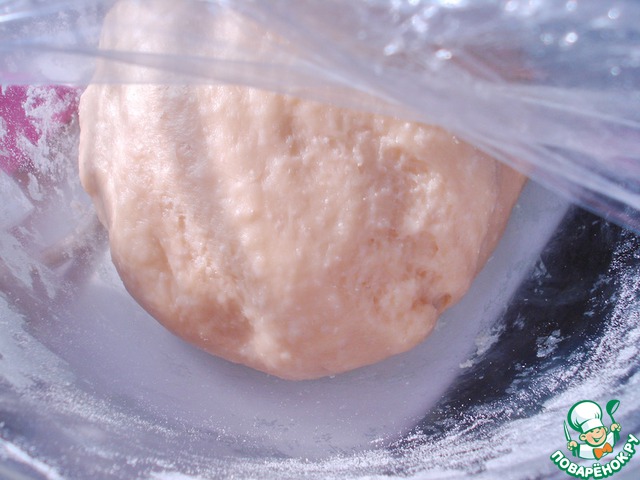 Готовое тесто подкатываем в шар и помещаем в смазанную растительным маслом миску, накрываем полиэтиленом. Ставим в теплое место до увеличения в 2 раза.
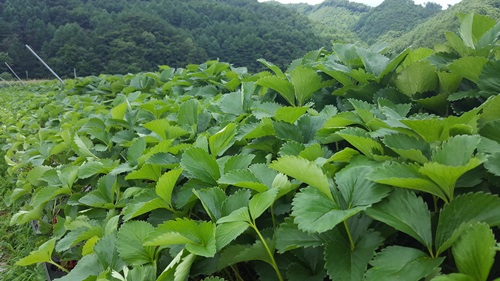 노지에서 건강하게 잘 자라고 있는 딸기모종
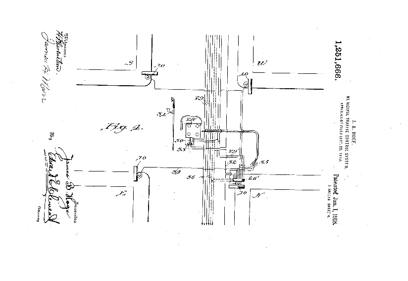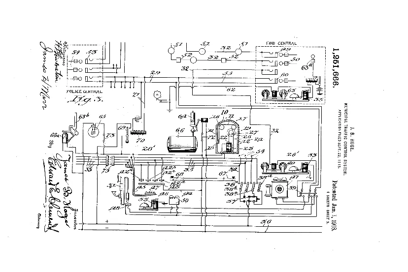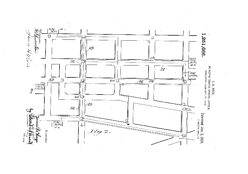 “城市商业区的平面图,显示消防和警察中央站以及多个交通控制站和消防、警察电报和电话连接。”美国专利商标局
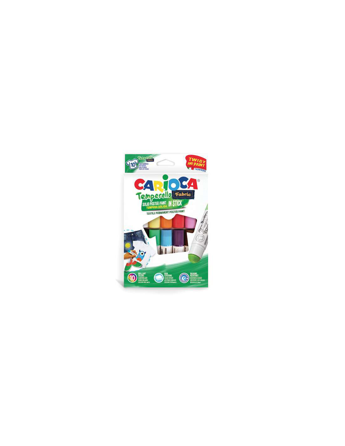 Caja de 10 témperas textil en formato stick. Para fijar el dibujo sobre la tela, coloca sobre el dibujo papel de horno y pasa la plancha 2-3 minutos. Una vez fijado el dibujo sobre la tela, se puede lavar en la lavadora hasta 60° C
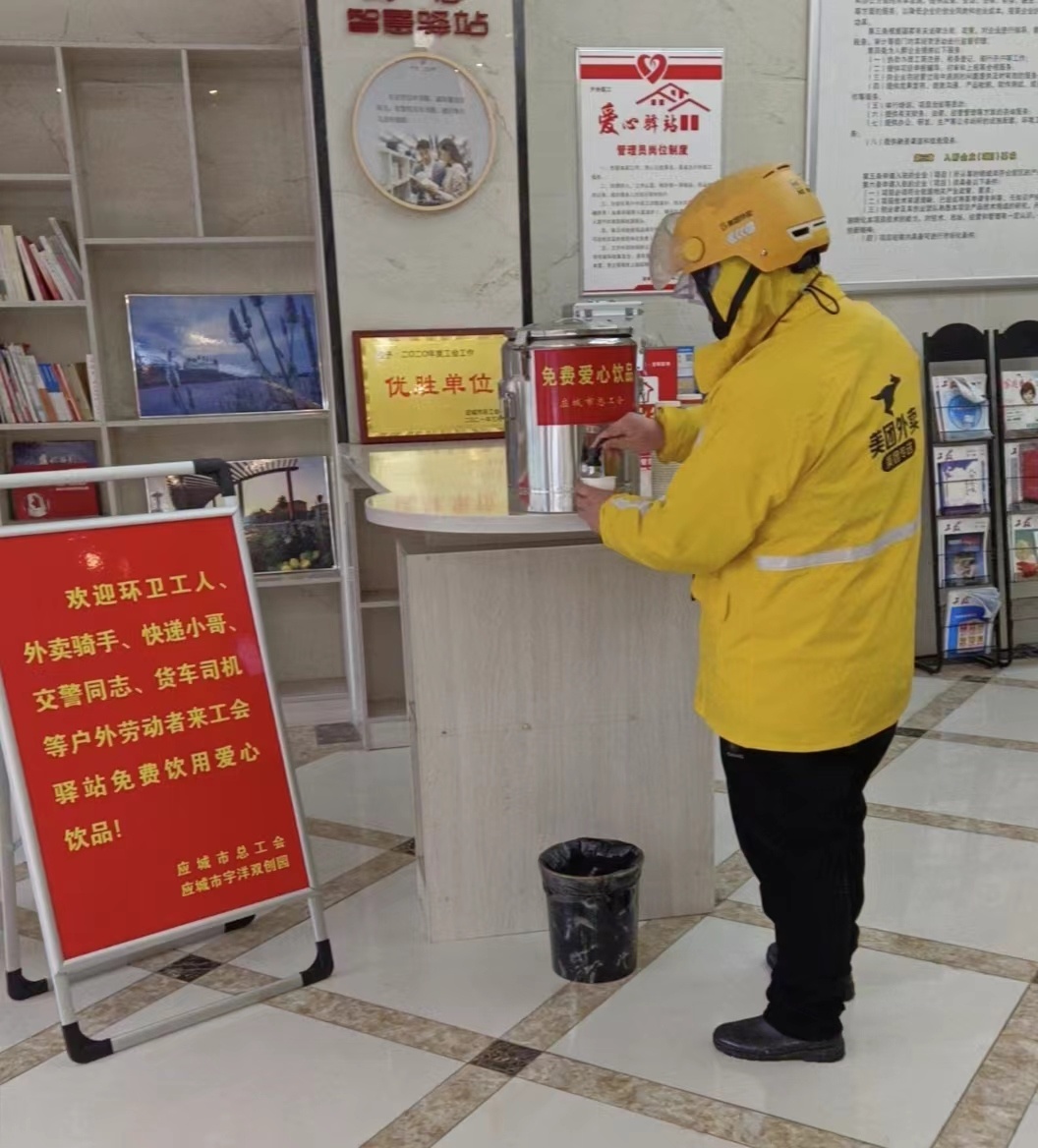 2月20日起,在应城市总工会、宇洋双创园、天黎物流园等地的工会驿站内,纷纷新添了贴有“爱心热饮”字样的保温桶供应姜茶,并在门口设立醒目标识牌,方便户外劳动者、过往行人取用。

——

- WHAT YOU HAVE TO DO
Once the pictures are removed, output the entries above exactly as given.

- RESPONSE
 Готовое тесто подкатываем в шар и помещаем в смазанную растительным маслом миску, накрываем полиэтиленом. Ставим в теплое место до увеличения в 2 раза.
 노지에서 건강하게 잘 자라고 있는 딸기모종
 “城市商业区的平面图,显示消防和警察中央站以及多个交通控制站和消防、警察电报和电话连接。”美国专利商标局
 Caja de 10 témperas textil en formato stick. Para fijar el dibujo sobre la tela, coloca sobre el dibujo papel de horno y pasa la plancha 2-3 minutos. Una vez fijado el dibujo sobre la tela, se puede lavar en la lavadora hasta 60° C
 2月20日起,在应城市总工会、宇洋双创园、天黎物流园等地的工会驿站内,纷纷新添了贴有“爱心热饮”字样的保温桶供应姜茶,并在门口设立醒目标识牌,方便户外劳动者、过往行人取用。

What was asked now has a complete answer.